"""

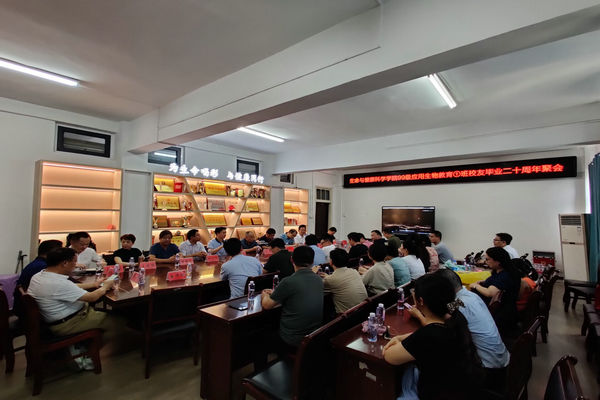 生命与健康科学学院副院长(主持工作)孙玉军代表学院对校友们返校联谊表示热烈欢迎,并详细介绍了学院近年来的发展情况和取得的成绩,希望校友们加强与母校的联系,关注母校的发展,支持母校的工作,在人才培养、学科建设、专业建设、教学科研和社会服务等方面建言献策,共谋发展大计。詹学文对校友们心系母校、荣归母校表示热烈欢迎,同时深情回顾了自己在生命与健康科学学院的工作经历,并就学校近年来凝聚校友力量实施人才强校战略助力学校事业发展等进行了介绍。何晓冬对校友们在毕业20周年之际相约凤阳、相聚母校表示热烈欢迎,并重点介绍了校友工作开展情况,同时表示校友永远是母校闪亮的名片、母校永远是校友们坚实的后盾,祝愿广大校友在事业发展和人生道路上大有作为。
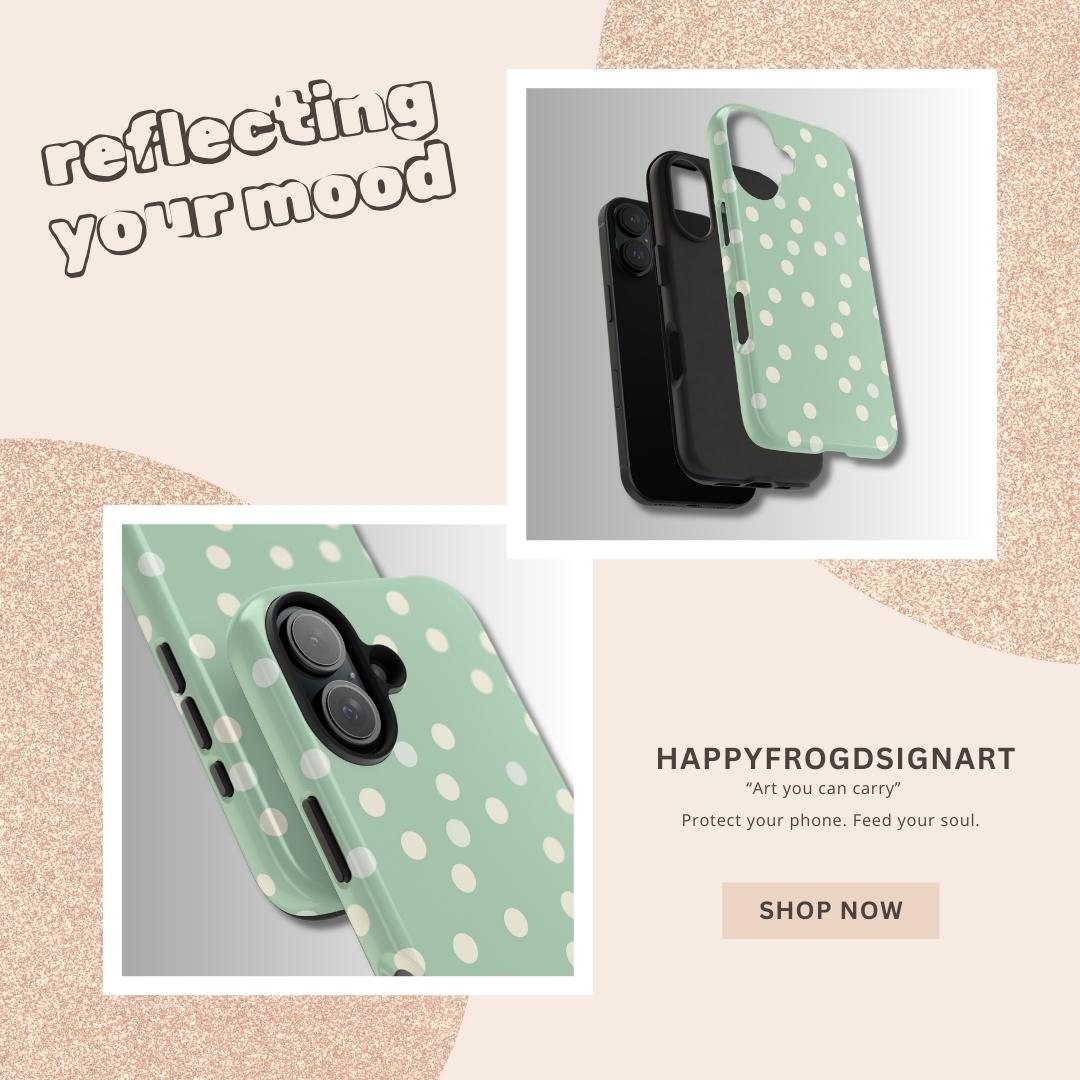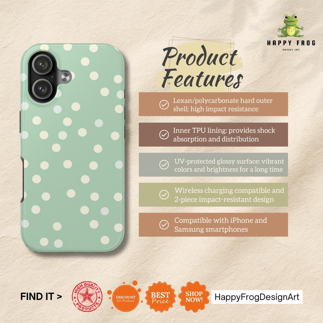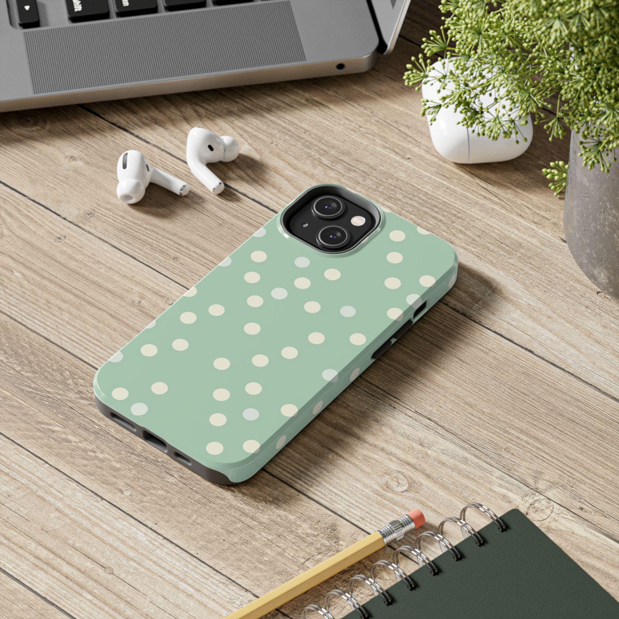 Ivory Polka Dot Sage Phone Case | Tough Phone Cases
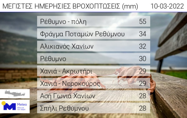 Η νύχτα που πέρασε έφερε στην Κρήτη, μαζί με το καιρικό σύστημα “Φίλιππος”, νέες ισχυρές βροχοπτώσεις, δίνοντας το στίγμα αυτής της ιδιαίτερα βροχερής για το νησί περιόδου, που ωστόσο δεν φτάνει τα επίπεδα του πρώτου διμήνου του 2019, όταν σημειώθηκαν σοβαρά πλημμυρικά φαινόμενα στην ευρύτερη περιοχή της Χερσονήσου και όχι μόνο. Χθες, οι μετεωρολογικοί σταθμοί του Αστεροσκοπείου κατέγραψαν, μεταξύ άλλων, 55 χιλιοστά βροχή στην πόλη του Ρεθύμνου, 34 χιλιοστά στο Φράγμα Ποταμών, 32 χιλιοστά στον Αλικιανό Χανίων, 29 χιλιοστά στο Ακρωτήρι και 28 χιλιοστά στην Ασή Γωνιά και στο Σπήλι.https://www.ertnews.gr/
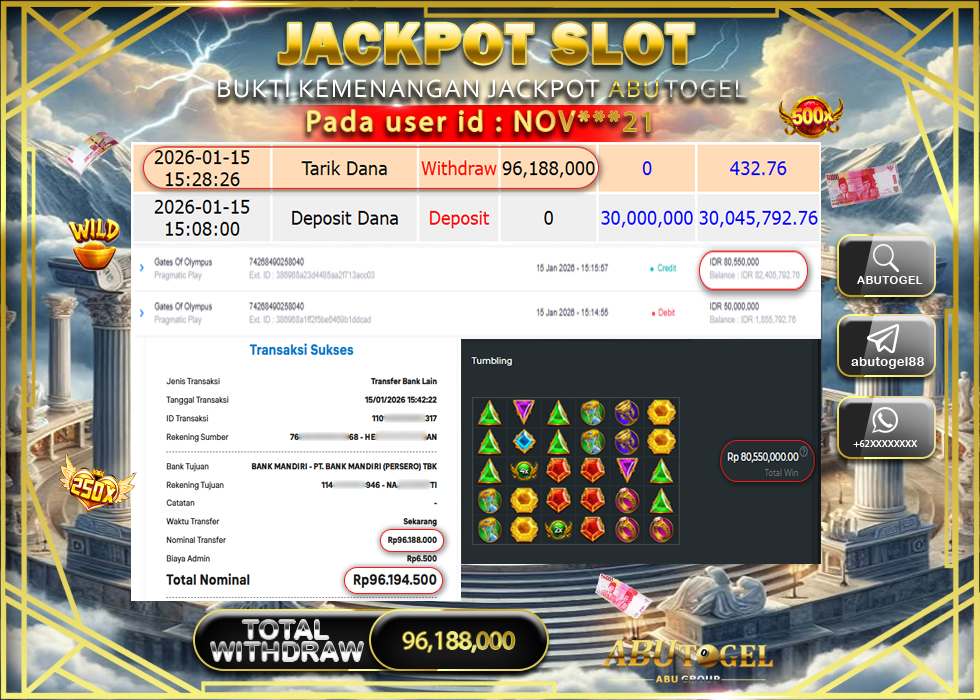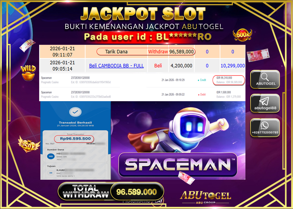 Bukti Jackpot Slot Online ABUTOGEL Rabu 21 January 2026 Rp, 95,316,000 - LUNAS
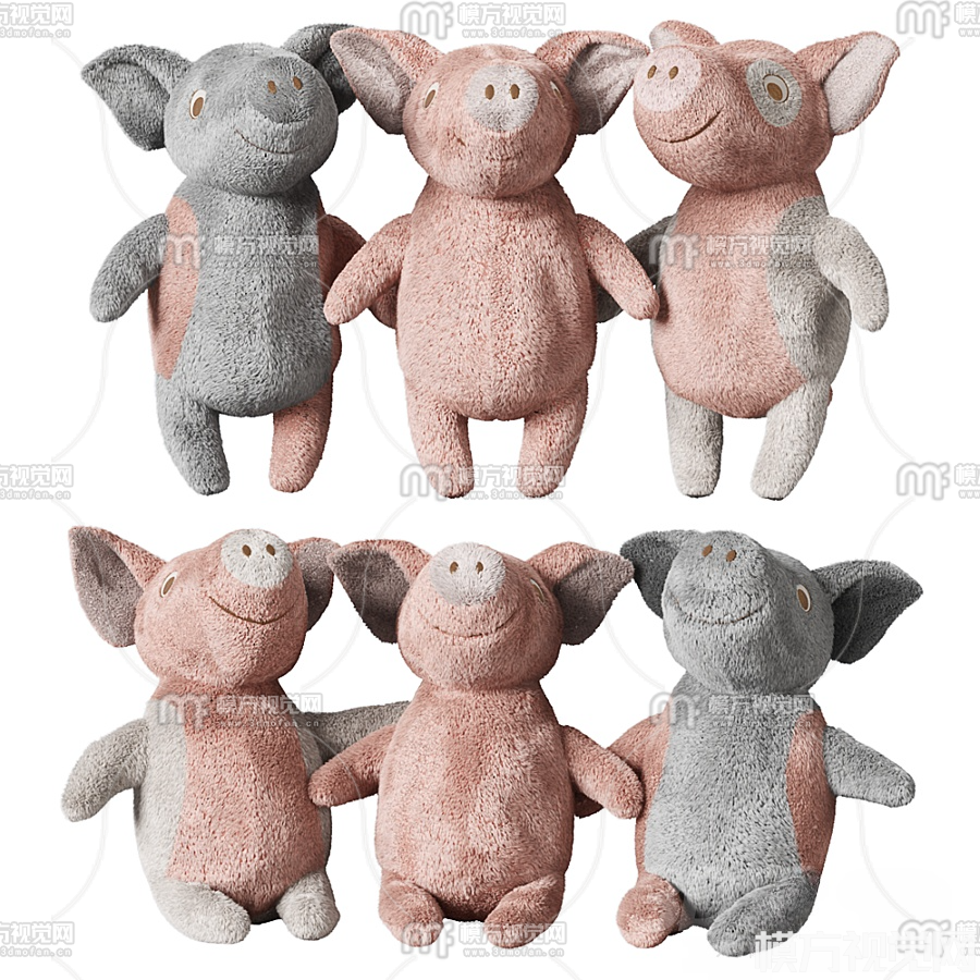 现代毛绒小猪玩具3D模型(ID:0017482)
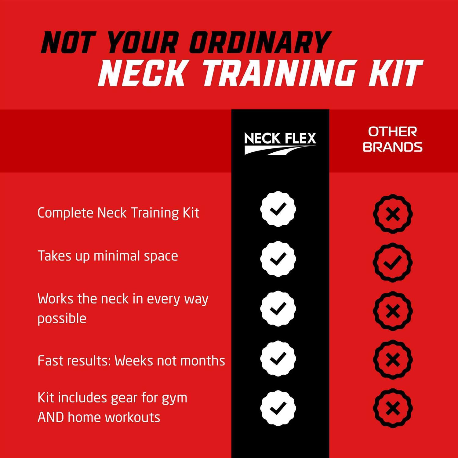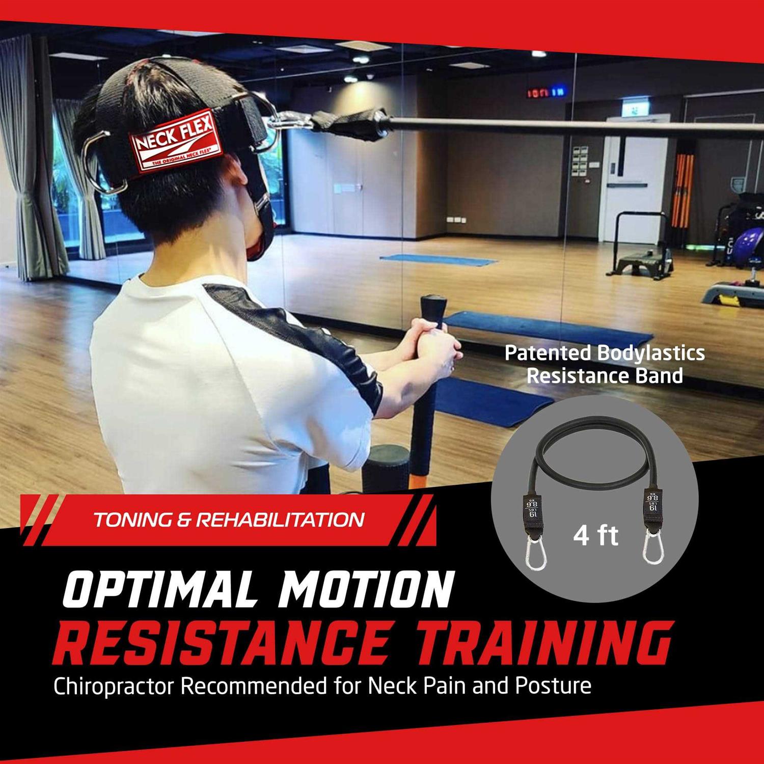 Premium Full Training Kit – Strengthen and train your neck for stability with The Neck Flex Original neck trainer! Out head and neck harness with multiple government patents comes with a 19-lb Bodylastics resistance band and door anchor–providing you with the ultimate neck workout kit for support, balance and safety. Reduces Risks of Injury – This strength training equipment works as a training device for neck strength and mobility. It’s made for athletes engaged in contact sports, fitness enthusiasts and people looking for ways to aid their rehabilitation and improve posture. It also promotes body and neck relief against muscle pain and stiffness. So, you can optimize movements while exercising your neck, shoulders, chest, upper back or spine. It comes fully adjustable, ensuring more stability and less strain in each flexion, rotation and extension. Premium-Grade Construction – Take your workouts to the next level with a durable back and neck strengthener! This head lifting harness supports your training with heavy-duty nylon webbing, non chafing neoprene padding and polished welded D-rings. Easy Set Up & Use – The Neck Flex back and neck workout equipment offers convenience for your gym and home workout or rehabilitation. Its carabiner clips attach and detach with no sweat, while the 4 feet long neck straps accommodate people of all heights. Feed your inner meathead and get freaking yoked with the Neck Flex Original Head Harness! Our neck trainer kit is masterfully built for athletes and enthusiasts looking for a device for strength training, home workouts and clinical use. The Pinnacle of Quality Construction Functional and versatile, the Original Neck Flex allows you to develop stability, balance and improved range of motion. The harness ensures your positioning is correct during resistance exercises to optimize neck and back training. Improving these areas will help minimize the risk and impact of neck injuries. The Neck Flex features robust materials and innovative construction with patent-pending anti-snap technology. Game-Changing, Innovative Designs This Chiropractor recommended tool offers a couple of pain-easing benefits to keep your workout productive and comfortable. Strengthens your neck and shoulders Reduces the impact of neck injuries such as whiplash, sudden force or strains Relieves neck and back pain Aids in rehabilitation training Improves posture Adjust The head strapon harness rests above your eyebrows and ears. Its neoprene padding is soft, breathable and non-chafing as it sits against the skin. Wear Put on our neck harness for weight training as you would any headgear. It ensures a secure, ergonomic fit around your head for optimum comfort and feel. Clip The neck strap fits any size or height—no need to wear the strap tightly since it only serves as a safety precaution. Attach Attach the headgear to a resistance band or cable pulley with more or less load to vary the resistance level. Welcome to the Next Level! Experience revolutionary workout equipment with the Neck Flex.
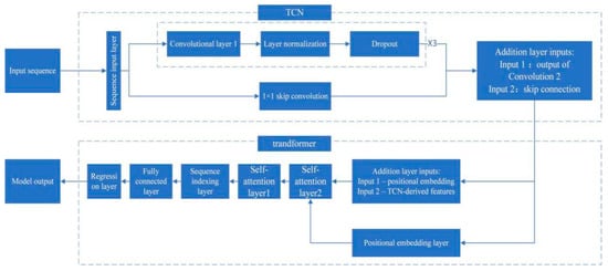 The TCN–transformer model also demonstrates outstanding performance in current research. Sheng Ruixiang and Zhang Xiaoyu proposed the TCN–transformer composite model, where TCN extracts spatial features while transformer captures long-term temporal dependencies. Validated on the DKASC dataset, this model effectively enhances short-term photovoltaic power prediction accuracy under varying weather conditions []. Zhang Hong and Li Feng et al. proposed the SolarFormer prediction method, optimising the encoder through feature selection and pyramid attention while enhancing the decoder by integrating TCNs with sunrise–sunset constraints. This approach significantly reduced RMSE, MAE, and SMAPE on the San Yō dataset []. Chen H et al. addressed early-stage time-series classification tasks by introducing a TCN–transformer framework to overcome RNN limitations. By integrating feature extraction and designing a balanced loss function, its effectiveness and accuracy were validated across ten datasets []. Nikhil Thapa et al. constructed a beat-tracking model combining transformers and TCNs, leveraging the former for capturing global dependencies and the latter for local patterns. It achieved performance comparable to state-of-the-art methods on multiple music datasets with fewer parameters while providing interpretability through Grad-CAM []. Linhan Wu et al. proposed a TCN–transformer hybrid model, combining TCN’s local pattern capture capability with transformer’s parallel processing advantage. Case studies validated its high accuracy and generalisation ability in time-series and large-scale photovoltaic data prediction []. Shengcai Zhang et al. introduced a wind speed prediction model based on VMD–TCN–transformer, utilising DBO to optimise signal decomposition. Experiments across three datasets demonstrated an average R2 improvement of 52.1%, with multiple error metrics outperforming six comparison models [].
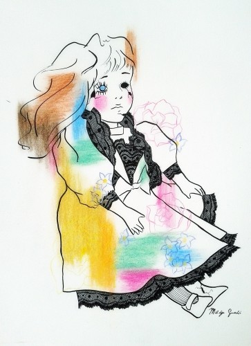 recherche graphique aux pastels sec et encre. Dimension : 32 x 41
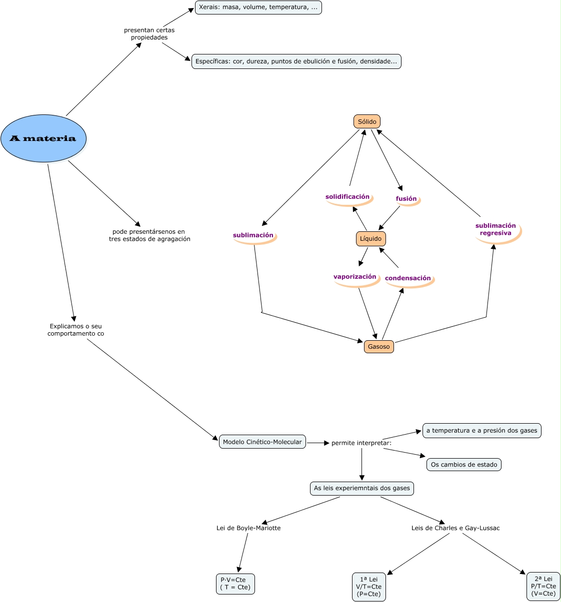Este Cmap, tiene información relacionada con: Os sistemas materiais, Sólido sublimación Gasoso, Gasoso condensación Líquido, Líquido vaporización Gasoso, Sólido fusión Líquido, Modelo Cinético-Molecular permite interpretar: As leis experiemntais dos gases, A materia presentan certas propiedades Específicas: cor, dureza, puntos de ebulición e fusión, densidade..., A materia Explicamos o seu comportamento co Modelo Cinético-Molecular, Modelo Cinético-Molecular permite interpretar: Os cambios de estado, As leis experiemntais dos gases Leis de Charles e Gay-Lussac 1ª Lei V/T=Cte (P=Cte), Gasoso sublimación regresiva Sólido, As leis experiemntais dos gases Leis de Charles e Gay-Lussac 2ª Lei P/T=Cte (V=Cte), A materia pode presentársenos en tres estados de agragación Sólido, A materia presentan certas propiedades Xerais: masa, volume, temperatura, ..., As leis experiemntais dos gases Lei de Boyle-Mariotte P·V=Cte ( T = Cte), Líquido solidificación Sólido, Modelo Cinético-Molecular permite interpretar: a temperatura e a presión dos gases
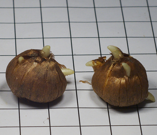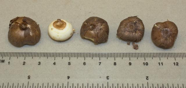 Crocus tommasinianus 'Yalta' is a Janis Ruksans cultivar. He described its history here and believes it to be a hybrid between Crocus tommasinianus and a Crocus vernus hybrid such as 'Vanguard'. Photographs by David Pilling with corms in photo 1 shown on a 10 mm grid.
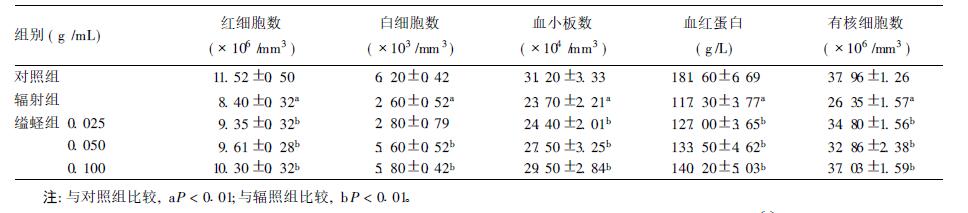 材料与方法(1)试剂与仪器:缢蛏(乐清清江养殖场),将缢蛏置于真空干燥箱内干燥后机械化粉碎,贮藏于低温环境(-20℃)中,每次灌胃前将缢蛏配制成悬浮液使用。血红蛋白测定试剂盒(上海科欣生物技术研究所),批号为20050201。60Co-γ射线源(温州市第二人民医院)。(2)实验动物:清洁级ICR雄性小白鼠(温州医学院实验动物中心)50只,雄性,体重22~32g,鼠龄6~7周。食用混合颗粒饲料。(3)分组及处理:将小鼠随机分成5组,每组10只。分别为正常对照组、60Co-γ辐照组和低、中、高缢蛏组(0.025,0.05,0.1mL)。辐照组和缢蛏组用60Co-γ射线一次性全身照射,总剂量为5.0Gy,距离75cm,照射率0.656Gy/min。对照与辐照组灌胃给予生理盐水0.1mL/只;低、中、高缢蛏组分别给予0.025,0.05和0.1g/mL缢蛏悬浮液;每天灌胃1次连续10d。(4)测定体质:红细胞数、白细胞数及血小板数测定按文献〔5〕;有核细胞测定按文献〔6〕进行。血红蛋白测定按试剂盒说明。(5)统计分析:采用SPSS10.0统计软件进行方差分析。

"""

**Required action:** Only the lines above starting with the line with "Bukti Jackpot Slot" and going on through the line with "现代毛绒小猪玩具3D模型(ID:0017482)" belong in the answer; repeat them exactly, minus any picture.

**Your response:**
 Bukti Jackpot Slot Online ABUTOGEL Rabu 21 January 2026 Rp, 95,316,000 - LUNAS
 现代毛绒小猪玩具3D模型(ID:0017482)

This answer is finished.